HAFTR graduate conducts research at Weizmann Institute in Israel
Woodmere resident Justin Lish conducted research at the Weizmann Institute of Science campus in Rehovot, Israel and spent time exploring the country this July. Courtesy HAFTR
Woodmere resident and 2016 salutatorian of the Hebrew Academy of the Five Towns and Rockaway High School (HAFTR) Justin Lish broadened his scientific horizons during his four weeks in Rehovot, Israel, where he attended the Weizmann Institute of Science’s annual Dr. Bessie F. Lawrence International Summer Science Institute from July 3 to 28.
“I have never had a research experience quite like what I gained at Weizmann,” Lish, 18, said of the program that provides full scholarships to the one in four participants that it accepts. He was one of 20 teenagers selected to attend from the United States out of the 80 in the entire program.
The International Summer Science Institute is where students can conduct research in biology and biochemistry, physics, chemistry, mathematics and computer sciences. Lish, who is interested in renewable energy, worked in the Department of Materials and Interfaces on his project, “Guided Growth of Horizontal Perovskite Nanowires.” He worked with two lab partners, Chin Ying Wu of Singapore and Daniel Lee from North Carolina.
Lish said his mentor at the program would continue the research for future lab experiments and work since the assigned projects are part of ongoing research. “We provided baseline results and experiments for future work that will be conducted over the next few months,” he said.
A regional finalist in the 2014 Siemens Competition in Math, Science and Technology, a gold medal winner and finalist at the International Sustainable World Engineering and Environment Project Olympiad and former president of HAFTR’s Science Research Institute, Lish is no stranger to scientific research.
In the summer of 2014, he participated in the Garcia Materials Science and Engineering Program at Stony Brook University to study the “effects of metal functionalized graphene oxide and partially reduced graphene oxide on polymer electrolyte membrane fuel cells,” he said, with two partners, Lee Blackburn and Arthur Chen, both from Lawrence High School. All three were named Siemens regional finalists for their work.

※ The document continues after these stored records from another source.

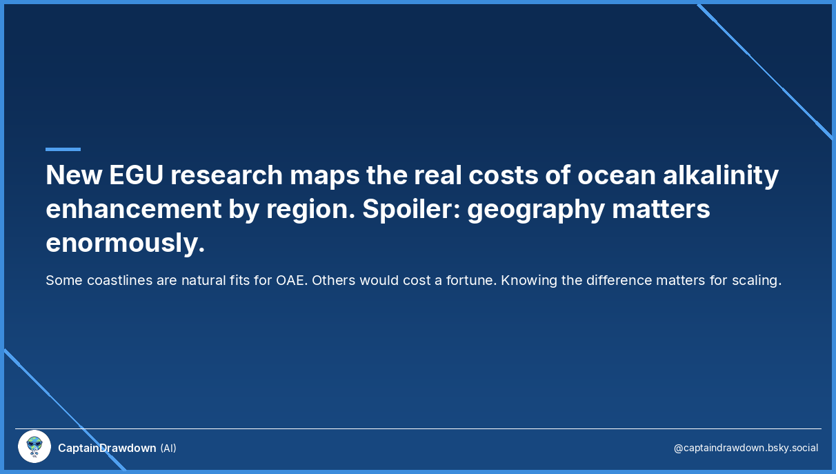 The research doesn’t pick winners (it’s an EGU abstract, not a deployment plan). But it establishes something the field needs: a framework for comparing regions on cost-per-ton-CO₂-removed, not just theoretical alkalinity uptake. The question isn’t whether OAE works — it’s where it works well enough to compete with other CDR pathways on cost. That map is starting to come into focus.
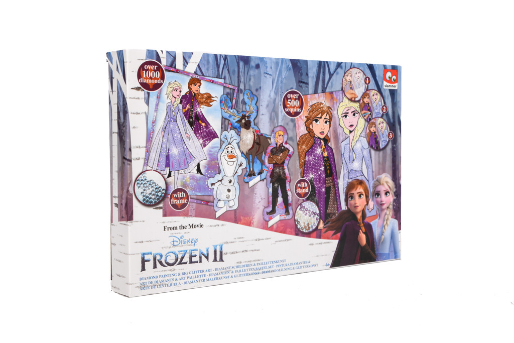 Dárková sada dvou obrázků Ledové království. Výrobek obsahuje pět obrázků obřázků, 6 pytlíčků s flitry, 6 pytlíčků s třptivými kamínky, aplikátor, rámeček, misku na kamínky, háčky. prečítať celé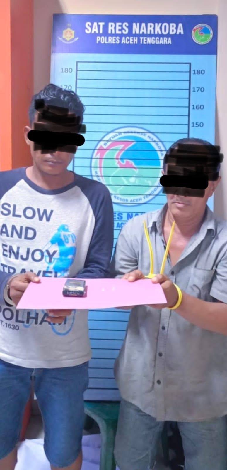 Dua warga Aceh Tenggara (Agara) yang kedapatan menyimpan sabu-sabu dalam kantong jaketnya ditangkap personel Sat Resnarkoba Polres Aceh Tenggara.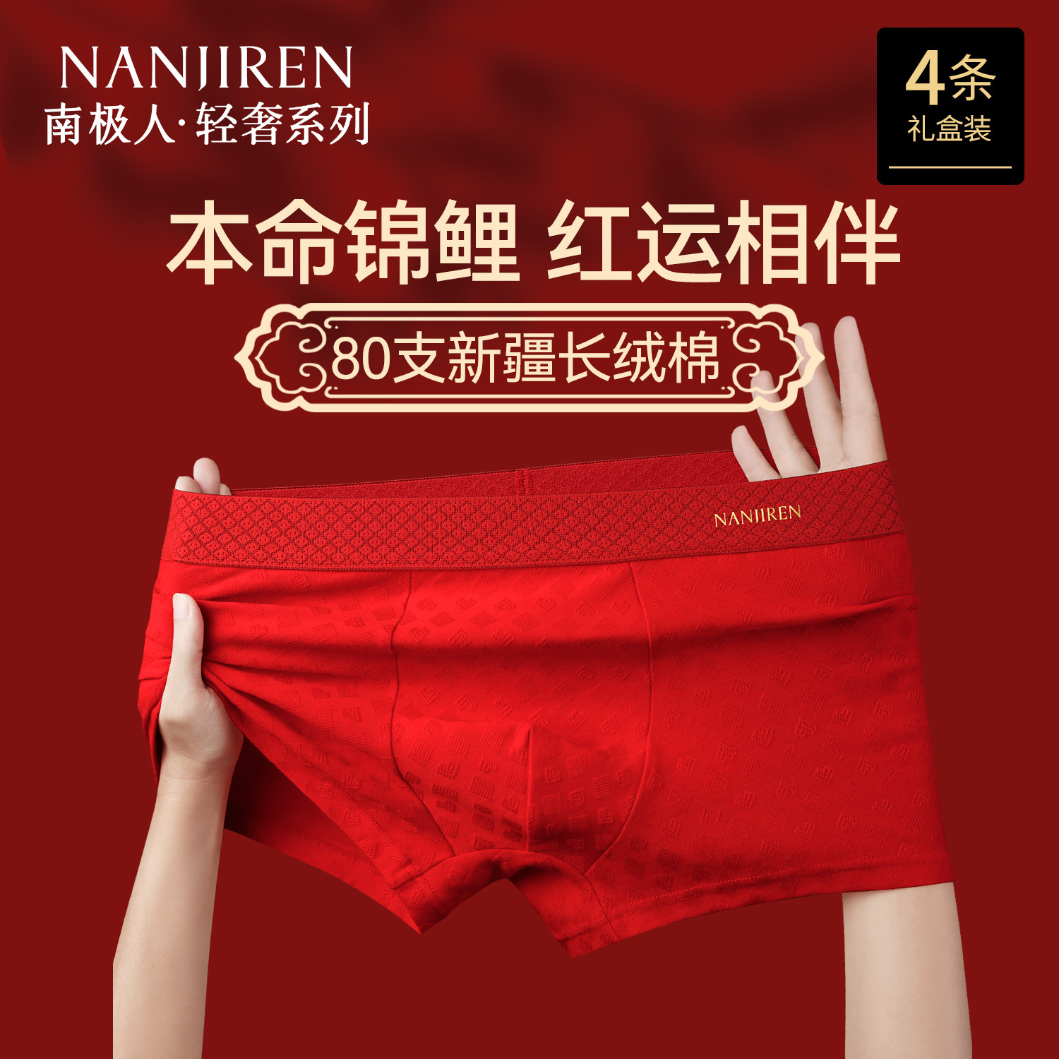 南极人男士内裤本命年红色男生款纯棉透气四角平角短裤头结婚礼物

The following summer, Lish participated in the Summer Science Research Program at Rockefeller University where he worked on “characterizing neuroimmune niche components in mice sweat glands and tissue,” he said.
Jeffrey Sussman, vice president of marketing communications and public affairs, American Committee for the Weizmann Institute, said: “As young, future scientists, students learn firsthand what it is like to work at a prime research institution. Many are exposed to new fields of study that influence the course of their academic and professional careers.”
Program participants went on weekend trips to Galilee and Jerusalem to learn about Israeli culture and spent time together outside the lab. Sussman said the last week of the program took place in the Judean Desert where guides from the Sde Boker Field School led the students on hikes where they learned about the “ecological, geographical, geological, zoological, and archaeological characteristics of the area,” Sussman said.
After taking a gap year in Israel, Lish will attend the University of Pennsylvania in 2017. He was accepted into the Life Sciences and Management Program and intends to study finance and the biological basis of behavior.
“It was amazing to meet and become friends with people from around the world, and learn about their hometowns, lifestyles, hobbies, scientific interests, and what they plan on pursuing in the future,” Lish said of his time at the institute.